Se pronostican nuevos cambios en la economía mexicana y, si utilizamos las técnicas adecuadas, podríamos sacar grandes beneficios del Paquete Económico del próximo año. Se avecinan cambios que parecen ser positivos y podrían favorecer a las finanzas de nuestro país, pero debemos analizar el contexto, ver el panorama completo y gestionar los recursos de manera que jueguen a nuestro favor.
Un nuevo plan está en vías de desarrollo y la economía mexicana podría comenzar a recuperarse lentamente. Tenemos en la mira un Paquete Económico que busca fortalecer las finanzas de nuestro país, encontrar estrategias para mitigar los efectos económicos previos e impulsarnos hacia un franco crecimiento. Pese a todo, debemos aprovechar las grandes oportunidades que tenemos en el horizonte, pues el Paquete Económico no busca reactivar la economía como tal.

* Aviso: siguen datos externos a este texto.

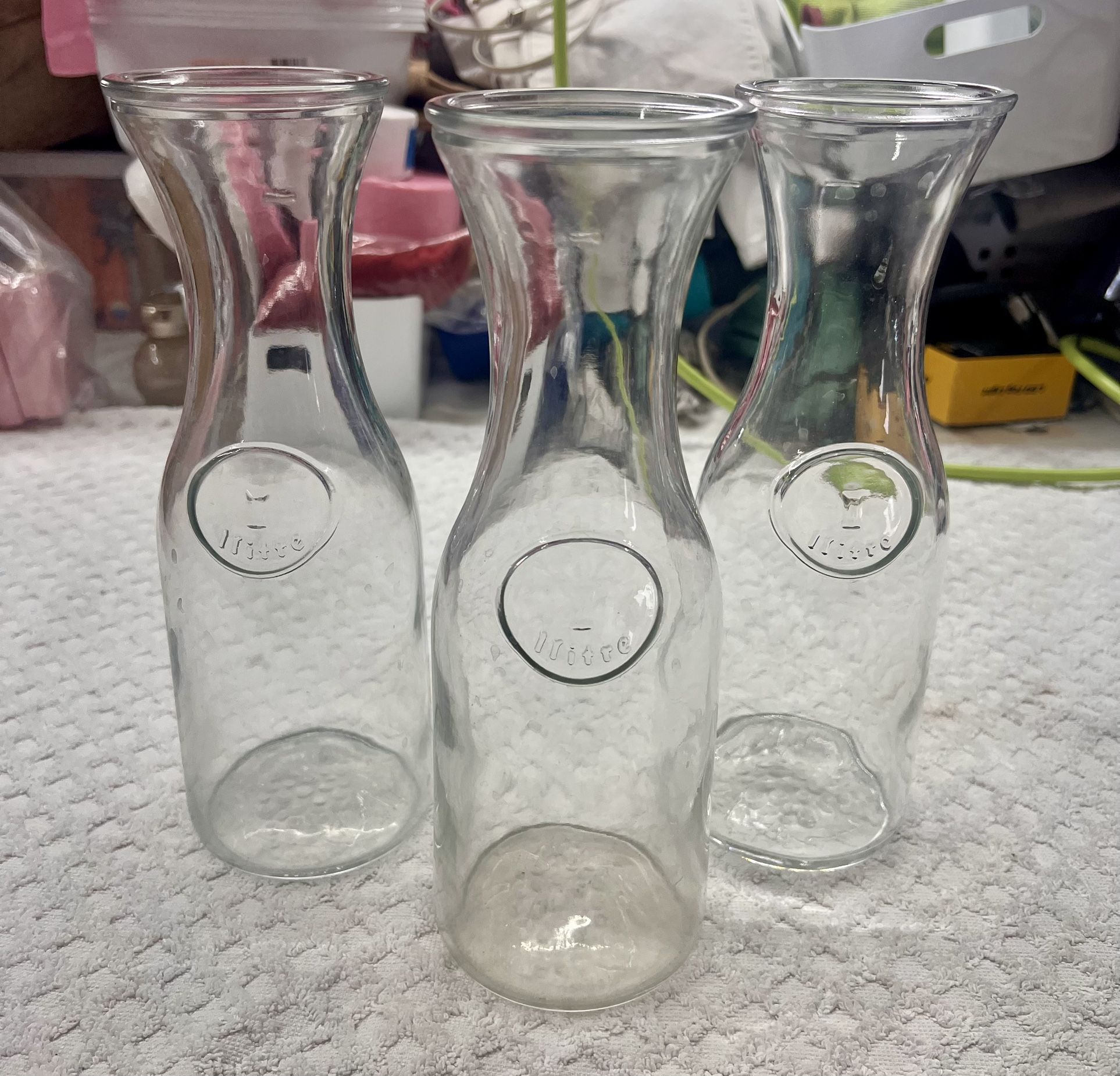 x3 glass carafes in like new condition. No cracks or chips noted. 11” tall x 3.25” diameter. Pick up preferred. I’m located in santee.

De acuerdo con el Centro de Estudios Financieros y de Finanzas Públicas (CEFI) el comportamiento de la economía mexicana depende de la inversión y de las decisiones que tome nuestro vecino del norte. El avance de las finanzas de nuestro país está atado a elementos concretos, dependemos de la confianza que nos otorgue el gobierno federal y buscamos certidumbre para tomar las vías adecuadas, pero no podemos avanzar sin respetar los acuerdos del T-MEC, pues aun tenemos faltas presupuestales por cubrir.
Para crecer en materia económica, necesitamos generar certidumbre, incentivar la inversión privada y lanzar estrategias que permitan reducir los ingresos presupuestarios. Necesitamos disminuir el gasto público sin afectar los ingresos de nuestro país y enfocarnos en impulsar la recuperación y el crecimiento de la economía mexicana.
Aún hay factores que no debemos descartar, pues la inflación sigue elevada, los gastos internos van en aumento y debemos cubrir las pérdidas antes de pensar el crecer. Debemos reparar los errores económicos para construir un terreno sólido y enfocarnos en el crecimiento de la economía mexicana, pero el camino aún no es claro.